» **TASK STATEMENT**: The first line of the entries and each line after it, through the one that contains "Giannis Antetokounmpo será", are to be duplicated exactly; no picture belongs in the copy.

» **EXCERPTED DATA**:
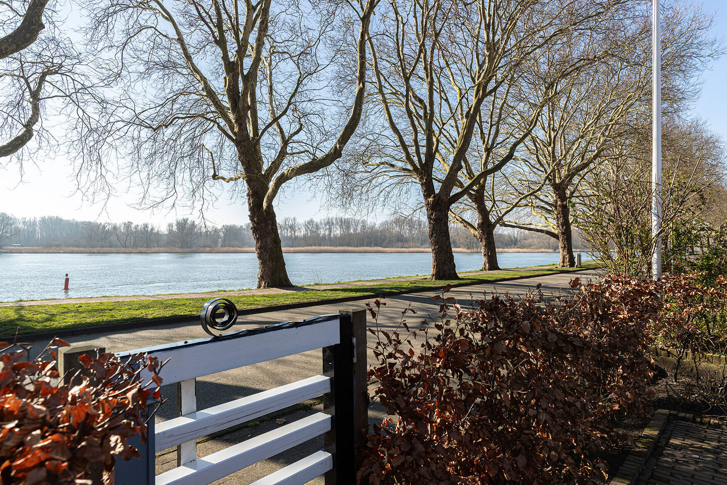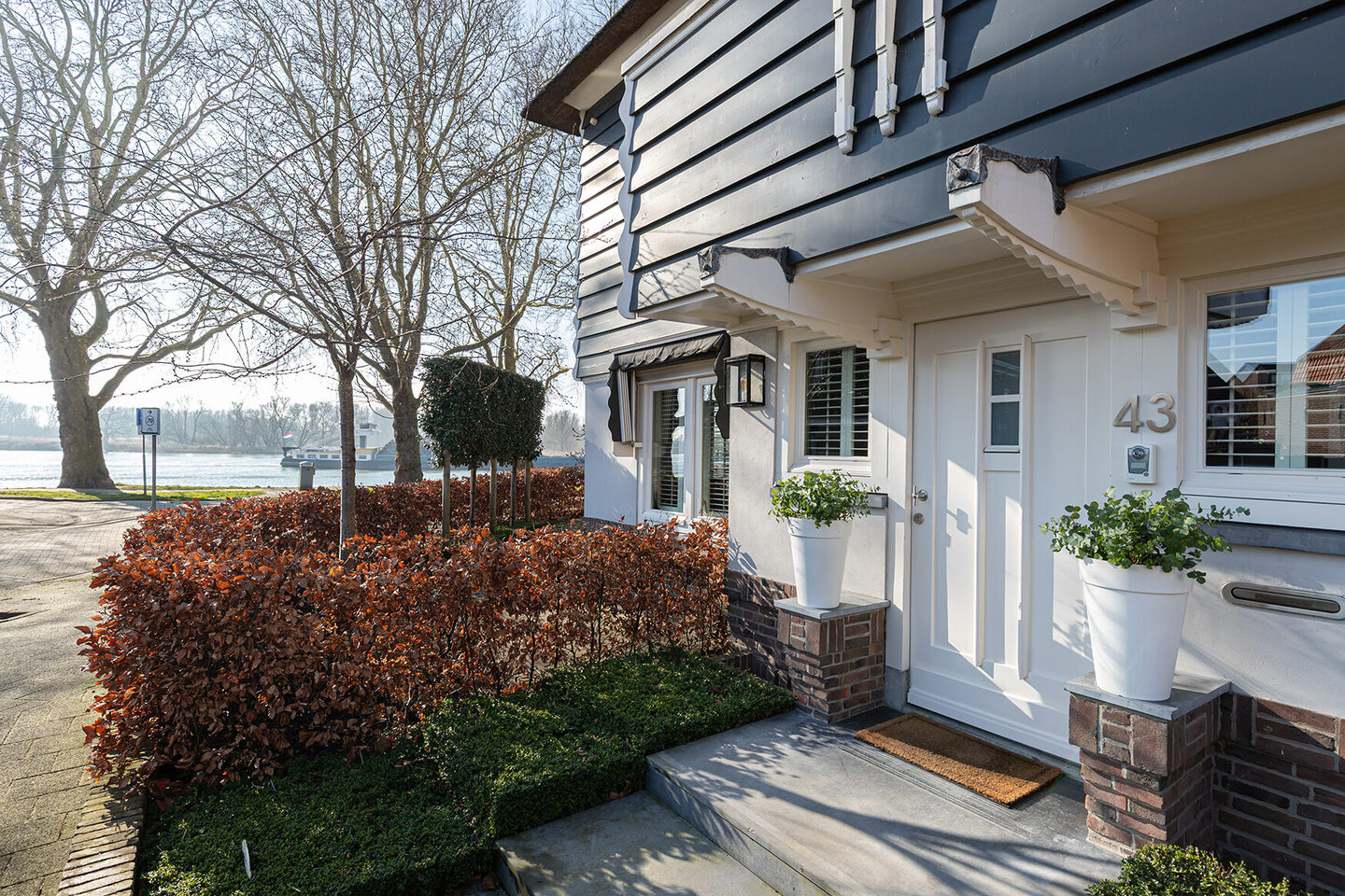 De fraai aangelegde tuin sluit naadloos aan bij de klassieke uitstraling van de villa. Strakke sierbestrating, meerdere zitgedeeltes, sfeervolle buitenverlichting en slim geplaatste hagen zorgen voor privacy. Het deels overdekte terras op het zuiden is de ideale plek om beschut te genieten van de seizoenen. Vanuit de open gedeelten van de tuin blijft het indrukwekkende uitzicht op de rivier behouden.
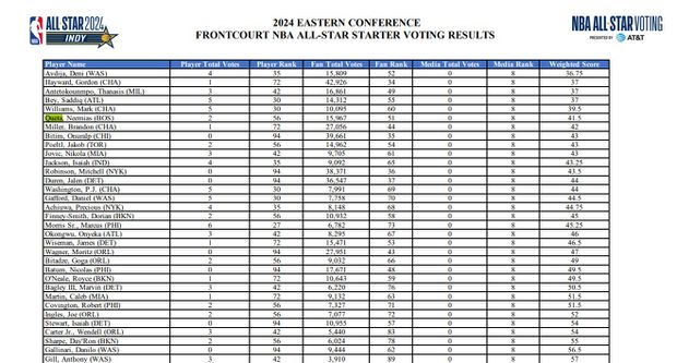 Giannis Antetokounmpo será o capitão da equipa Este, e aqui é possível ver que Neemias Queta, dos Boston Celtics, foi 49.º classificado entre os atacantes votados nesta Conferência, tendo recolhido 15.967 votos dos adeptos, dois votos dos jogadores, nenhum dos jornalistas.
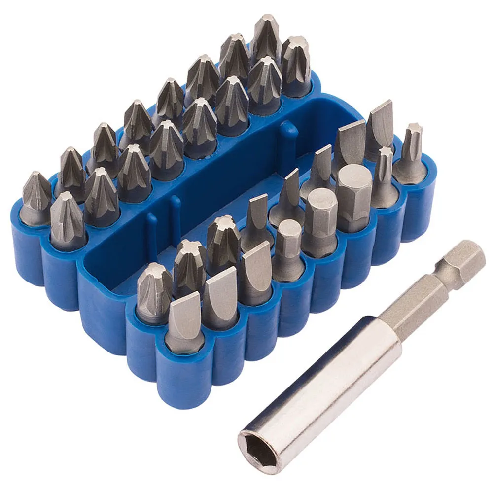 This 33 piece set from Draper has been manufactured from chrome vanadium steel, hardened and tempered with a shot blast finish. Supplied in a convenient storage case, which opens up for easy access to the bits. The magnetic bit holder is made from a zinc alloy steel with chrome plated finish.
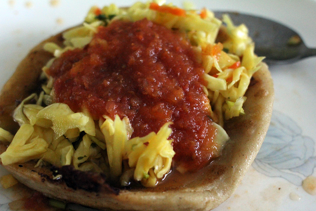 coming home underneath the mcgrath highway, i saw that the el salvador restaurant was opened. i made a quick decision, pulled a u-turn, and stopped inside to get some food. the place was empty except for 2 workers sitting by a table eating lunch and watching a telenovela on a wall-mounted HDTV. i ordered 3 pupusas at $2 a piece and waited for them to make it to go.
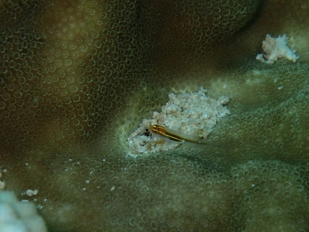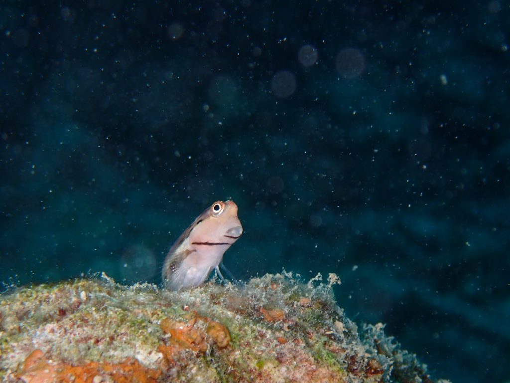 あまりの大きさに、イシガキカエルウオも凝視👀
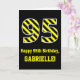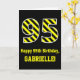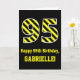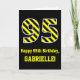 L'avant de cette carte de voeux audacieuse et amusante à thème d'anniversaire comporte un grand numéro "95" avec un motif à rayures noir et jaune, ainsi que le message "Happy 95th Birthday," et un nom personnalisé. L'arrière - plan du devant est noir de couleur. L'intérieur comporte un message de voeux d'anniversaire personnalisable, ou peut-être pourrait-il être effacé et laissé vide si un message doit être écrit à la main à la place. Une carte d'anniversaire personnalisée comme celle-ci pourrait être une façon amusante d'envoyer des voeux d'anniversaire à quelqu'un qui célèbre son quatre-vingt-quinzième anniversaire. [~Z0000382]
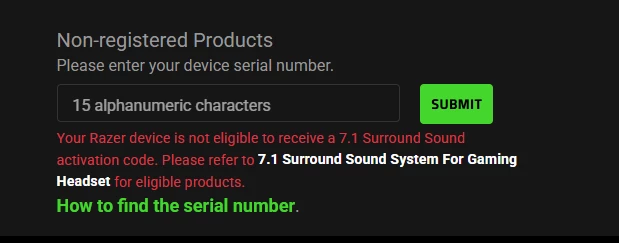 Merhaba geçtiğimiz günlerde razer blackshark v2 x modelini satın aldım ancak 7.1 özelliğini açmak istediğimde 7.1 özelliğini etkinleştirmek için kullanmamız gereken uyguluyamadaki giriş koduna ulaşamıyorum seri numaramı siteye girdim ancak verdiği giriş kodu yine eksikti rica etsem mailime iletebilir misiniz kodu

» **SOLUTION BELOW**:
 De fraai aangelegde tuin sluit naadloos aan bij de klassieke uitstraling van de villa. Strakke sierbestrating, meerdere zitgedeeltes, sfeervolle buitenverlichting en slim geplaatste hagen zorgen voor privacy. Het deels overdekte terras op het zuiden is de ideale plek om beschut te genieten van de seizoenen. Vanuit de open gedeelten van de tuin blijft het indrukwekkende uitzicht op de rivier behouden.
 Giannis Antetokounmpo será o capitão da equipa Este, e aqui é possível ver que Neemias Queta, dos Boston Celtics, foi 49.º classificado entre os atacantes votados nesta Conferência, tendo recolhido 15.967 votos dos adeptos, dois votos dos jogadores, nenhum dos jornalistas.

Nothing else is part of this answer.